Reputation: 221
I have a table with 200mil rows.
Lets call the table employee_internet_history
.
Row : employee_fullname || website || date || more data
.
The table have an index on employee_fullname
column.
I also have another table eu_employees
.
with 100 rows; each Row: employee_fullname || more data
.
I want to create a query to select top 3 websites surfed by each employee.
I am using Oracle Database
so i thought about using PL/SQL
to achieve this.
Currently i am using
declare
cursor top100workers is
select * from eu_employees
where rownum < 100;
begin
for worker in top100workers
LOOP
DBMS_OUTPUT.PUT_LINE(worker.employee_fullname ||' top 3 webpages:');
for TOP3 in (
SELECT /*+ parallel*/ website,
COUNT(website) AS num
from employee_internet_history
WHERE employee_internet_history.employee_fullname = worker.employee_fullname
group by website
order by num desc
)
LOOP
DBMS_OUTPUT.PUT_LINE('website = ' || TOP3.website || ' ,times surferd: '||top3.num);
end loop;
end LOOP;
end;
/
For each employee this query takes around 200 seconds.
And my real eu_employee table has over 8000 records.
Which Means it will take 19 days to count this using my way.
1) How can i speed things up?
2) Why dose it take so long?
If all the records of an employee are indexed, it should take O(1) to find them, and count them.
Also the queries are not depended on each other, 3) can i run few queries parallel ?
4) I saw there are several hints to run things at parallel mode, which one will fit best for my needs ?
5) is there a solution without using pl/sql
?
Upvotes: 0
Views: 1014
Reputation: 1269543
In general, a "set-based" approach (using a query) is going to be faster than using PL/SQL.
The following query does what you want:
select eih.*
from (select employee_id, website, count(*) as cnt,
row_number() over (partition by employee_id order by count(*) desc) as seqnum
from employee_internet_history eih
group by employee_id, website
) eih
where seqnum <= 3;
I'm not sure if you can make it run faster, because you do have to start by aggregating the data at the employee/website level. If you want more employee information, then join in eu_employees
.
By the way, using employee_fullname
for the join key is a really bad idea. People might change their names throughout their lives for various reasons.
Let me also add that your query would probably run much faster with an index on employee_internet_history(employee_fullname, website)
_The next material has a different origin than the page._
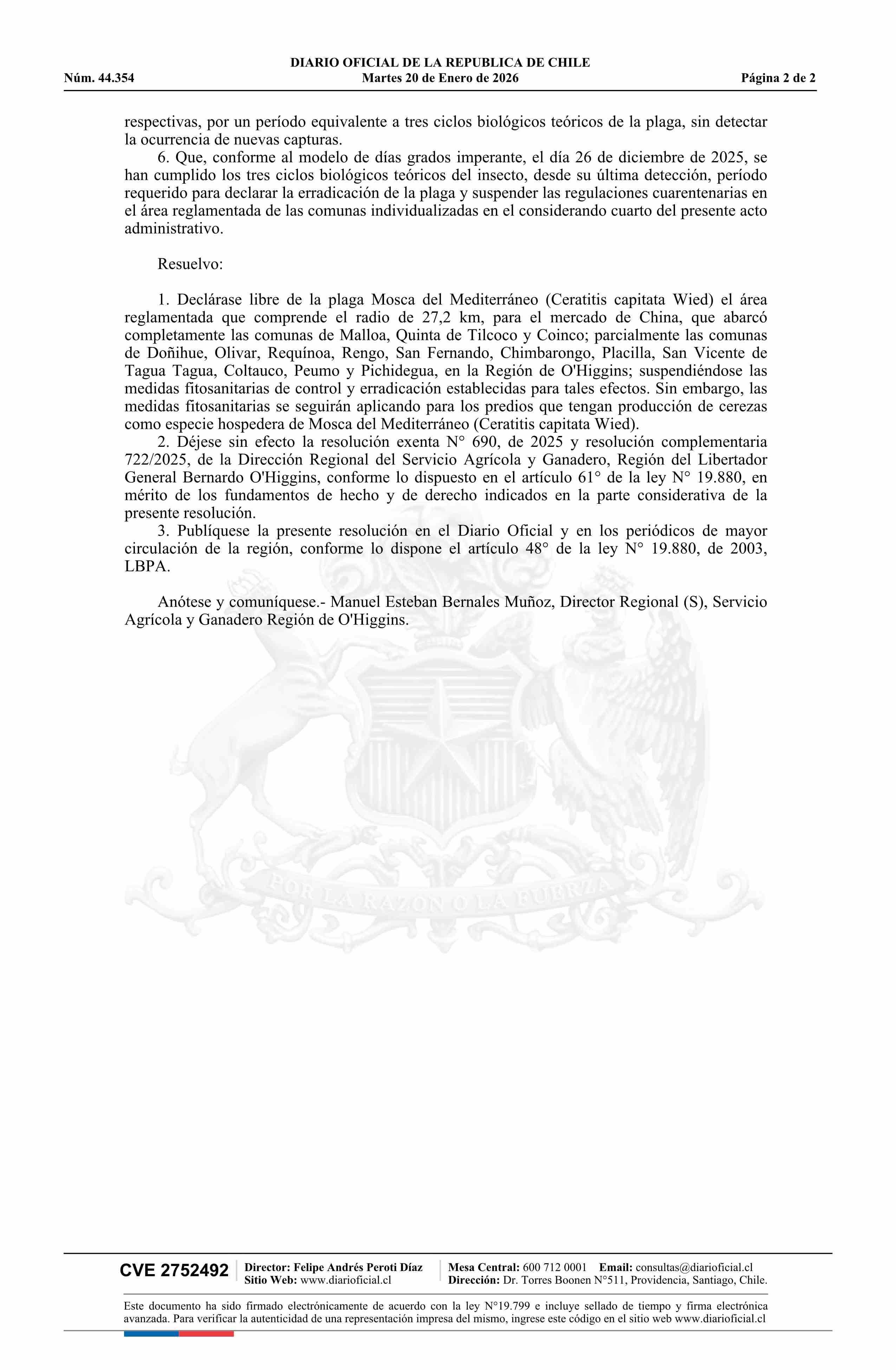 | Título: | Resolución exenta número 2.864, de 2025.- Declara libre de mosca del mediterráneo (Ceratitis capitata Wied) el área reglamentada que indica, Región de O'Higgins, mercado de China 27,2 km brote Malloa |

. You can also leave out the join
to the worker information. At least nothing in the question suggests that it is needed (unless it is used for filtering).
EDIT:
The performance is highly dependent on your hardware and memory. You can speed the query by using a subset of employees by joining them in:
select eih.*
from (select employee_id, website, count(*) as cnt,
row_number() over (partition by employee_id order by count(*) desc) as seqnum
from employee_internet_history eih join
(select ee.*
from eu_employees ee
where rownum < 100
) ee
on eih.employee_id = w.employee_id
group by employee_id, website
) eih
where seqnum <= 3;
Upvotes: 4